At first, his organization pushed only to reform the dog-racing industry. Theil said he found it remarkable that the political powerbrokers seemed “open to our issue.” Whenever he asked for a hearing, he got one, he said.
“We were given an opportunity to make our case in a way that never would have happened in New Hampshire,” he said. “The political culture there is so closed, it wouldn’t have happened.”
But that apparent openness never led anywhere, he said. The Legislature proved to be more lapdog than watchdog when it came to the gambling industry.
“We were given a free rein in the Legislature to have a debate, until we got to the part about bills passing,” he said. First, the bill his group was pushing would pass the House but not the Senate. A year later, the bill would pass the Senate but not the House.

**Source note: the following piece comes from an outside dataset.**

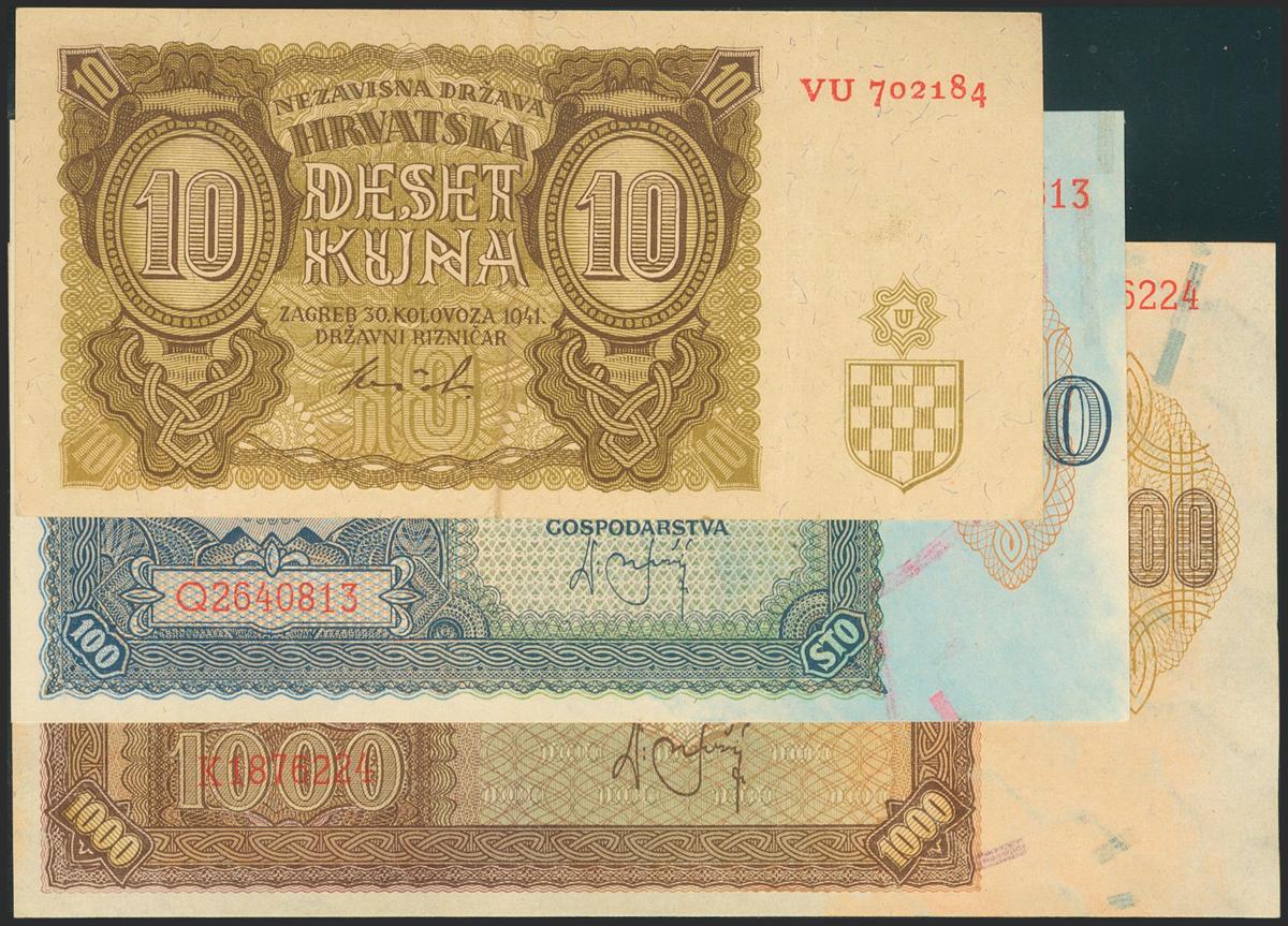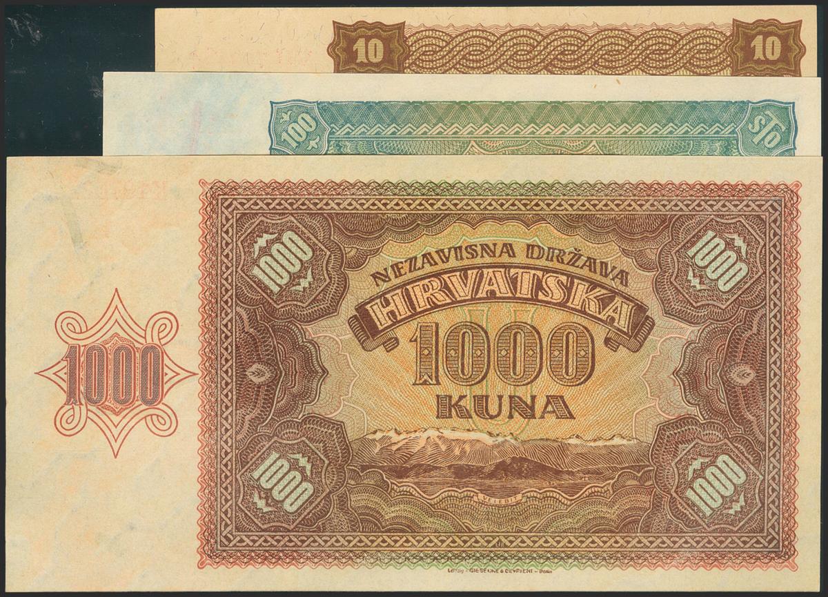 CROATIA. Set of 3 banknotes: 10 Kuna, 100 Kuna, 1000 Kuna. 1941. (Pick: 2, 4a, 5b). Extremely Fine to Uncirculated.

Between 2011 and 2018, the Legislature considered 17 bills proposed by Grey2K that would have reformed greyhound racing, he said. There were bills to require greyhound injury reporting, to outlaw the use of anabolic steroids in dog racing, and to let tracks that were losing money on dog racing end it while still offering poker and simulcasting races held elsewhere.

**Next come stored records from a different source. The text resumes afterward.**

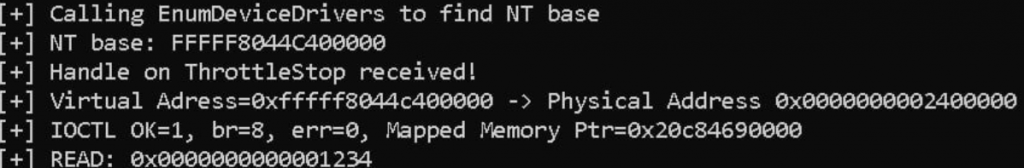 //printf("[+] IOCTL OK=%d, br=%lu, err=%lu, Mapped Memory Ptr=0x%llx\n", ok, br, GetLastError(), (unsigned long long)out);
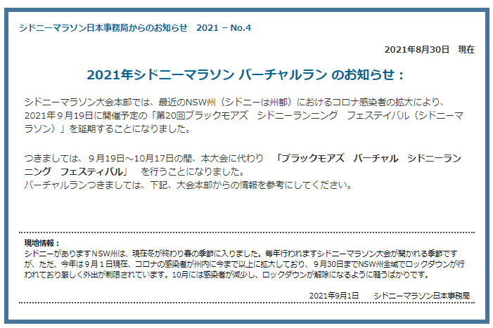 この中に、シドニーマラソン日本事務局からの公式アナウンスがあります。
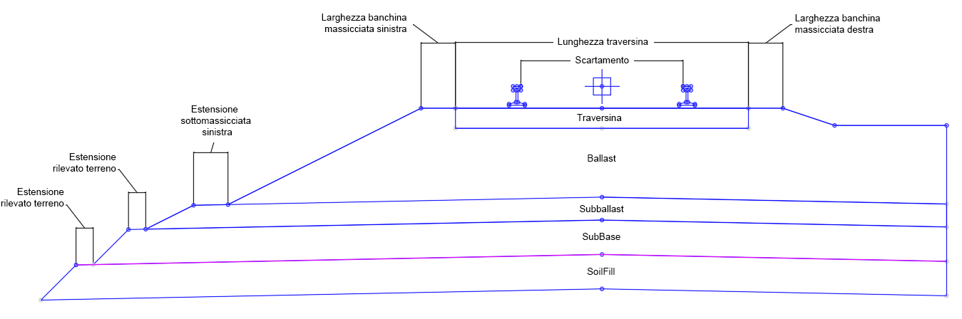 In modalità layout questo componente sezione tipo visualizza i collegamenti comprendenti le rotaie, le traversine, la massicciata, la sottomassicciata e le scarpate.

That last one would have benefited several of Florida’s tracks, he said. The betting at the tracks had been in decline since the 1980s and, according to state records, they were losing a cumulative $35 million a year on the greyhounds while making a meager profit on the other types of betting, he said.
But not one of the 17 bills passed. Not even the one that banned the use of steroids.

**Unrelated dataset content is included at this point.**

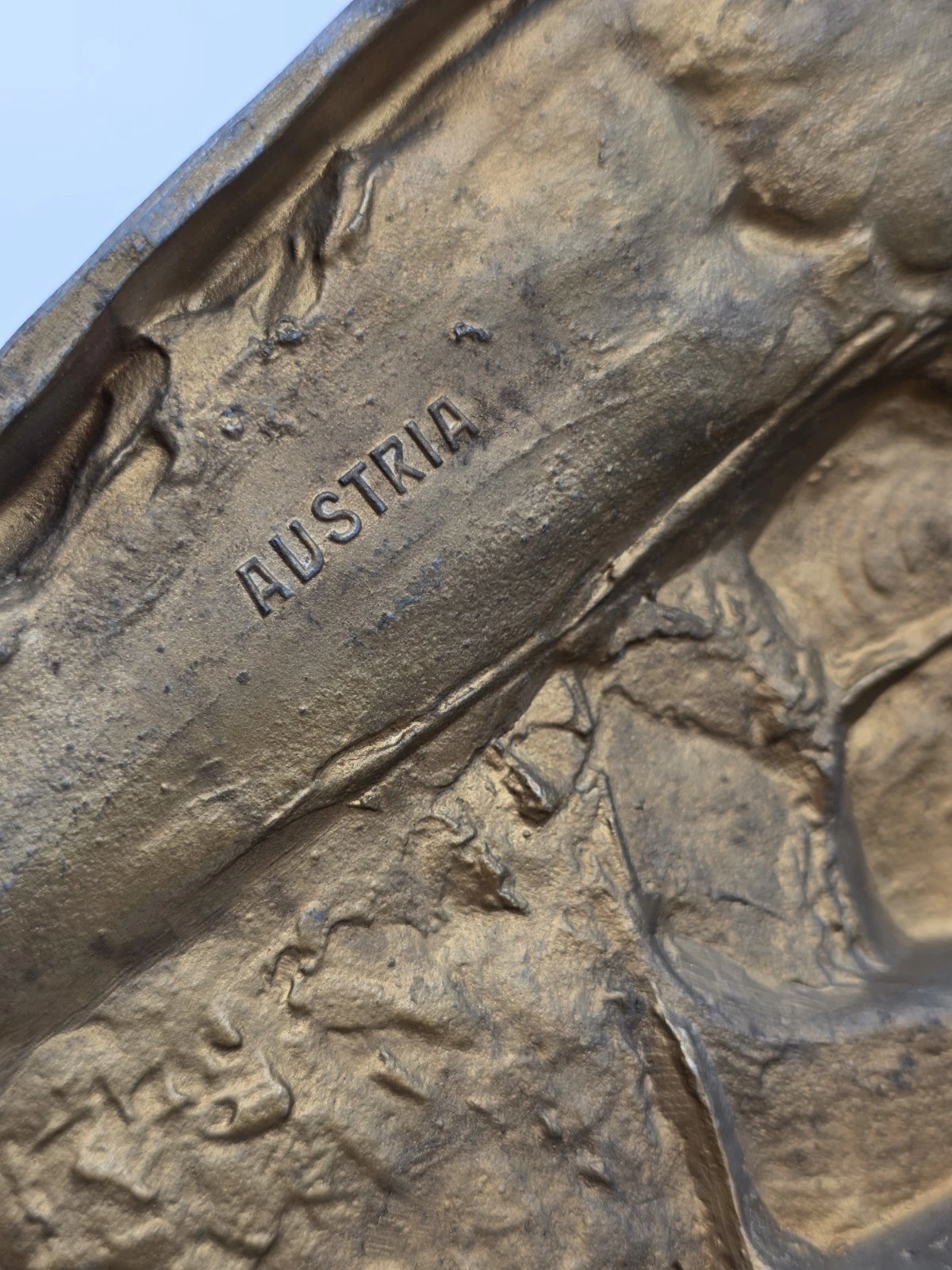 • Material: While often referred to as “Vienna Bronzes,” many of these export pieces (especially those with hollow undersides like this one were cast in spelter (a zinc alloy) and then given a high-quality bronze patina or “wash.” The golden color visible on the underside is a classic characteristic of Austrian spelter casting from this era.

Inevitably, Theil said, toward the end of each session, some legislator would say not to worry, explaining, “This will go in the gambling bill next year.” They would dangle the promise of a comprehensive revision of all the state’s laws on racing, slot machines, and Native American casinos. Of course, that comprehensive gambling bill somehow never materialized.
Theil initially assumed the racetracks’ lobbyists were cleverly avoiding a head-on confrontation over better treatment for the greyhounds, thus avoiding bad publicity.
After all, the tracks employed thousands of people and forked over millions of dollars to the state every year. They hired some of Tallahassee’s top lobbyists, too. They could get whatever they wanted, he figured. But then he realized that the tracks were frequently fighting with each other, trying to get some advantage over their competitors. They seldom offered a united front.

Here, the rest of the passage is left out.